Bei analoger Fotografie muss man präziser vorgehen als bei Handykameras. Das Motiv muss sorgfältig ausgesucht werden, die Lichtverhältnisse müssen stimmen, der Moment – und erst dann kommt das Foto. Das ist ein Prozess, bei dem sich die Menschen dessen, was sie fotografieren, sehr viel bewusster sein müssen als bei den schnellen Schnappschüssen für Instagram und Co. Es geht um das Bild an sich, nicht darum, wie viele Menschen es heute liken werden.

Manche Einrichtungen wie das Van Gogh Museum in Amsterdam bieten eine andere Art Kompromiss an: Indem sie an einigen Stellen Vergrößerungen von ikonischen Werken platzieren, wo es erlaubt ist zu posieren und Fotos zu machen, ohne dass sich andere Besucher dadurch gestört fühlen. Aber nicht jede Einrichtung hat die Kapazitäten dazu – und letztlich bleibt die Frage, ob das das Problem der fotowütigen Massentouristen langfristig beheben würde.

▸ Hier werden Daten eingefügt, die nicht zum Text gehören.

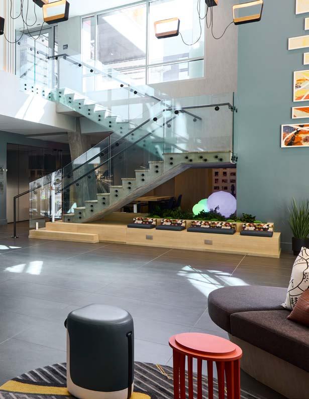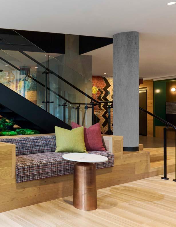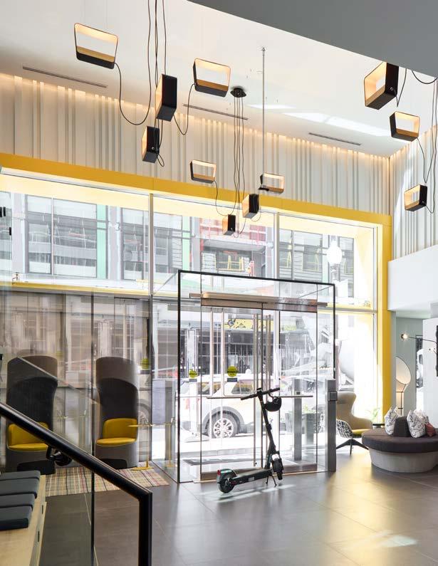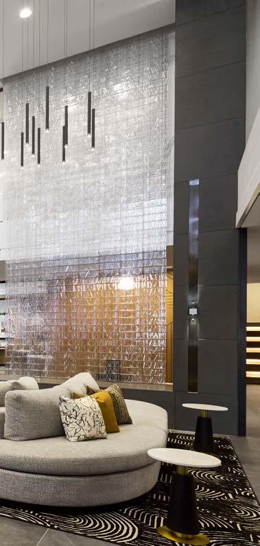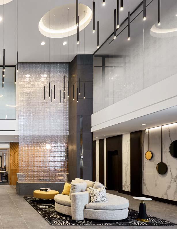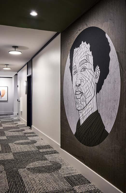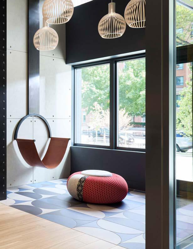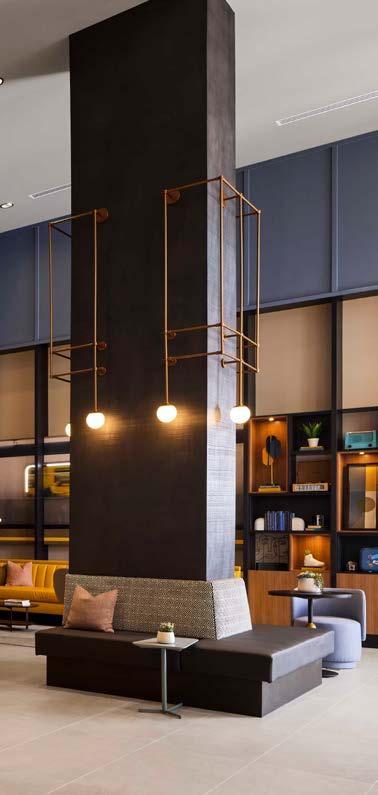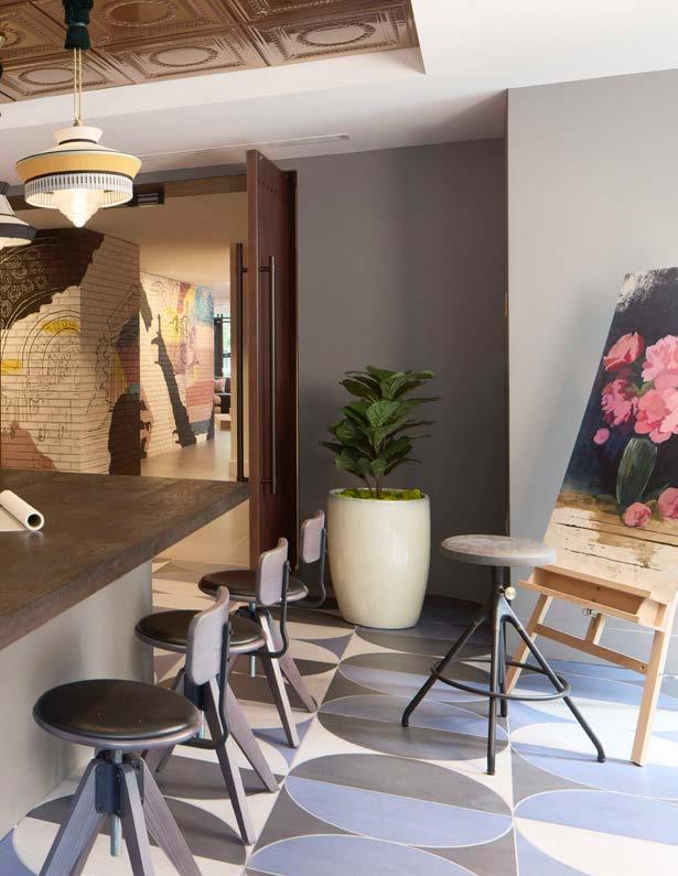 Style: Inspired by the raw energy and street art culture of South New York Avenue, captures the bold, artistic spirit of the NoMa community. Graffitiinspired murals, exposed materials, neon-lit artwork, and grid-patterned lighting fuse the building. Every detail from the dark lobby floor mirroring the pavement outside to custom art installations celebrates the colorful, textured, and expressive identity of its urban surroundings. Project

Alles festhalten – und nicht erleben ?

Die Fotografin Erin Sullivan führte in ihrem Vortrag, der bei TEDx-Talks als Video zu sehen ist, aus, wo das Problem der heutigen Gesellschaft liegt. Der Trend sei sehr lange in die Richtung des unbedingten Festhaltens von Momenten gegangen – ohne die Momente wirklich zu erleben. Wer eine Reise, Wanderung oder ähnliches nur deswegen macht, um schnell ein Foto für Instagram zu machen – um zu zeigen: “Guck mal, ich war hier” –, der verpasst womöglich das eigentliche Erlebnis, um das es bei solchen Reisen gehen sollte. Und er verpasst, es mit den eigenen Sinnen wahrzunehmen – denn zwischen ihm und dem Erlebnis steht die Handykamera, sie ist immer im Einsatz. 

Natürlich soll niemand vollständig darauf verzichten müssen, Fotografien von besonderen Momenten als Erinnerung zu machen. Allerdings sollte man sich dann und wann die Frage stellen, ob ein Foto für eine Erinnerung wirklich nötig ist. Oder ob nicht vielleicht der Eindruck viel prägender ist, wenn man die Kamera einmal beiseite lässt.